Tehran, Iran, is another heavily populated city situated near a major fault line. Located at the base of the Alborz mountain range, Tehran has some 11 million people in its urban boundaries, and Yeats said they are vulnerable because of poorly constructed housing in many parts of the city — a result of corruption in building construction and building inspection industries.
Other over-populated cities near fault lines with poor building codes on Yeats' list include Istanbul, Turkey, now under an earthquake hazard warning after a quake of magnitude 7.4 in 1999; Nairobi, Kenya, close to a 7.3 quake in the 1920s; and Guantánamo, Cuba.
"Guantánamo is a bit like Haiti," Yeats pointed out. "They have a fault just offshore, and yet they have no clue they are at risk because Cuba has not had any catastrophic earthquakes in its 500-year history.
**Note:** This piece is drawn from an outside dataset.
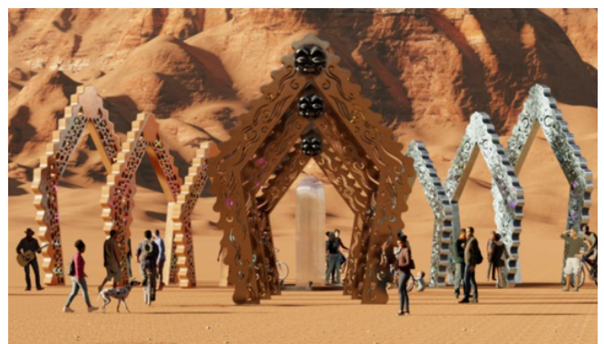
Ground level view by day

The military prison operated by the United States would also be at risk, but as far as I know, the Americans are not contributing their expertise to help Guantånamo prepare for its future earthquake."
There are many places around the world likely to experience a major earthquake in the future, Yeats says, but the "risk" to human lives may not be as high because of less crowding and better building codes. He points to the 2011 super-quake in Japan, which reached a magnitude of 9.0, yet did not cause nearly as much destruction as the tsunami it triggered.
"The Japanese," Yeats said, "lead the world in taking earthquake risk seriously."
The release notes that Yeats was one of the first geologists to point to the Pacific Northwest as being at risk for a major earthquake, because of its proximity to the Cascadia Subduction Zone. Since he and other OSU scientists first raised awareness of that risk in the 1980s, there has been gradual acceptance that an earthquake will strike in the future.
"But will this acceptance lead to concrete action, such as approving a bond issue for seismic upgrades to old school buildings?" Yeats said. "Will it lead to strengthening communities on the West Coast against tsunamis?"
The OSU professor emeritus hopes his book leads to more awareness of the hundreds of faults around the world — some well-known, and some not. This is the first time someone has attempted to summarize the totality of earthquake faults, and Yeats used his own research and observations, as well as exhaustive literature reviews.
"Knowing about the faults is the first step," Yeats said, "but preparing for the risk is what really needs to happen. It is kind of interesting that Japan has done a lot of work preparing for an earthquake in their Home Islands, and then one bigger than they expected hits northern Japan, accompanied by a devastating tsunami, whose effects have been felt as far away as Oregon."
A similar thing happened northeast of Beijing, China, in 1976, when a magnitude 7.8 earthquake struck along a fault line that was not thought to be a major threat, killing more than 200,000 people. And it happened again in 2011 at Christchurch, New Zealand, with an earthquake on a minor fault no one knew about in advance — but still the earthquake produced the greatest losses in New Zealand's history.
"The lesson there is that you never know which one is going to nail you," Yeats said, "but it pays to be prepared."